You would be inclined to think that the person who has the greatest impact on your understanding of J. Edgar Hoover in the new film J. Edgar would be Leonardo DiCaprio, who plays the head of the FBI over a 40-year span. Or you might think it would be Clint Eastwood, the picture's director. In both cases, you'd be wrong. No, the most interesting name in the credits is that of Dustin Lance Black, who won an Oscar for scribing "Milk," and who has now turned his gaze on Hoover, the longtime lawman who died a bachelor, and who has long been rumored to be gay.
You see, J. Edgar is actually Black's take on Hoover's, and by the looks of things, Hoover—who was by all accounts a wretched, insecure, monster of a person—gets a pretty good shake from the writer. Sure, the fact that Leo plays him doesn't hurt, but many of Hoover's nasty qualities—the paranoia, the blackmail, the hoarding of information and power—are played out through justification, meaning that the audience is often given to understand that Hoover had valid reasons—at least in his own head—for doing the awful things that he did.
Much of that is due, I suppose to the method in which the story is told. Hoover is dictating his memoirs, which allows him to be his own unreliable narrator. That's a terrific idea, because much of what Hoover selectively remembers is self-aggrandizing. Still, you can't help but feel that even Black still should have spent more time examining Hoover's sexuality. Yes, it's certainly suggested that he was likely closeted and in love with his longtime aide Clyde Tolson (Armie Hammer), but J. Edgar also suggests that because of society's attitudes towards homosexuality at the time, Hoover is to be pitied to a degree, because he was never able to truly be himself, and therefore many of the negative qualities that surfaced over the course of his career were due to his isolation and loneliness.

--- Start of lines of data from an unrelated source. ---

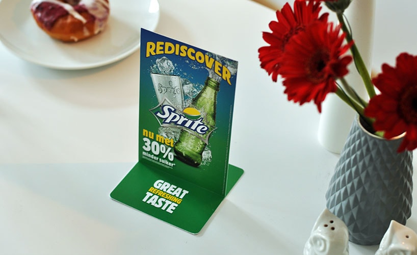 STICK ’N’ GLIDE is a patented table top display unit that is easy to apply and remove but will stay in place on any level surface. As it can be printed on both sides STICK ’N’ GLIDE is perfect for table and counter-top messaging, specials menus and desktop calendars.
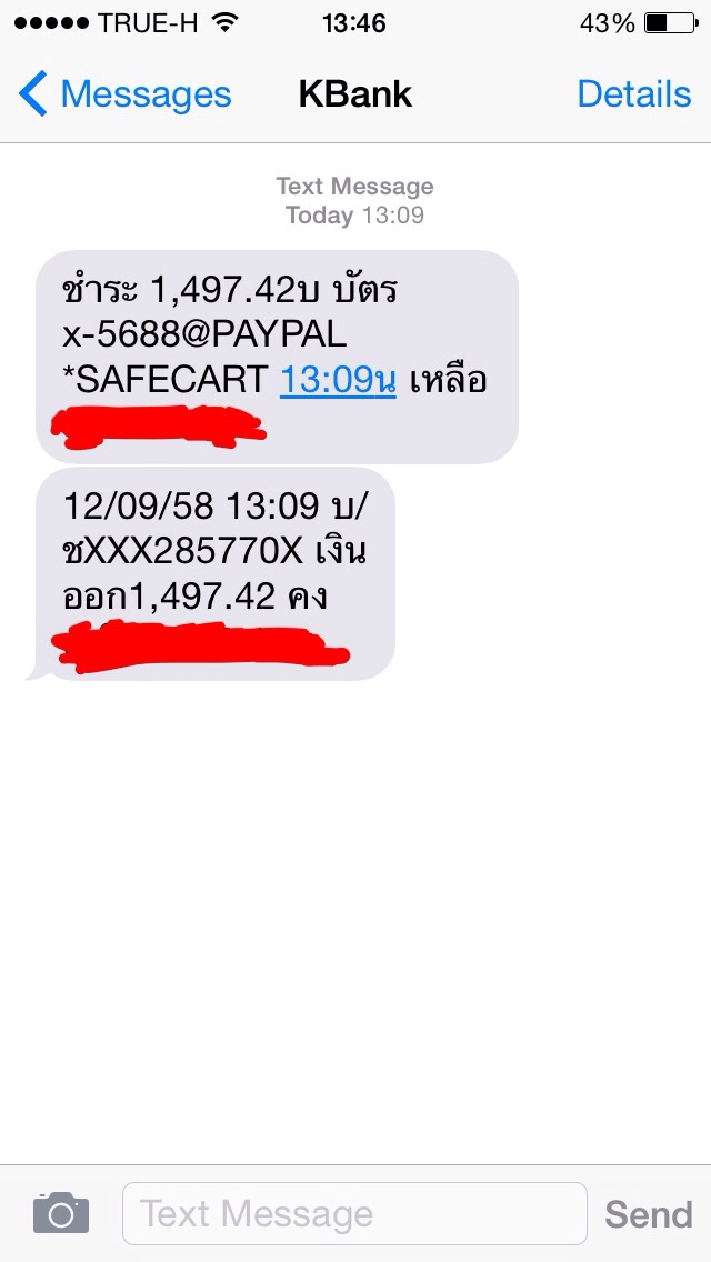 ผมใช้ ช้ K-web shopping card ซื้อของเป็นปกติอยู่แล้ว แต่ครั้งล่าสุด สั่งของทาง ebay ชำระเงินปกติผ่าน paypal ใบเสร็จรับเงินออกมาเรียบร้อย คนขายก็จัดของส่งเรียบร้อย ซึ่งปกติมันจะหักทันทีพร้อม SMS แต่คร
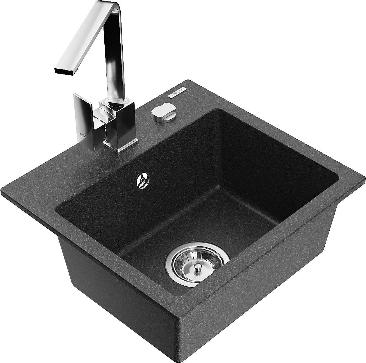 Mexen Milo lavello in granito a 1 vasca con miscelatore cucina Rita, nero maculato - 6505-76-670300-00
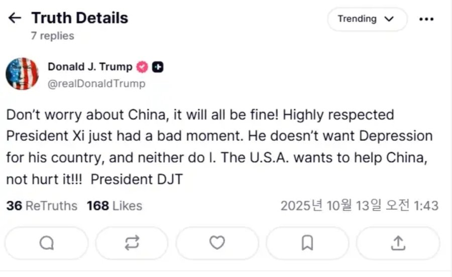 2025년 10월 13일 오전 1시 43분(한국시간), 트럼프 대통령이 트루스소셜에 올린 포스트가 시장을 완전히 뒤집었습니다.

Certainly, that could be the case. That said, do we need to feel pity for J. Edgar Hoover, a man who started his career as a rabid anti-communist before setting his sights on the likes of Martin Luther King, Jr.? Debatable at best. And all of that said, though Hoover was dedicated to fighting crime, the crime J. Edgar cannot fight is that of tedium. Simply put, and despite DiCaprio's performance, which, like most of his work, is thoughtful and deliberate, this is a long, dull, self-important movie. DiCaprio is good, but we really gain no insight into Hoover himself, and certainly don't have an understanding of his stunted emotional life. There may be mysteries in history, such as whether Charles Lindbergh's child was kidnapped by only one man (the case is one of the film's backdrops), and the true persona of J. Edgar Hoover is one of them. But not all mysteries need to be solved, and this is definitely one of them.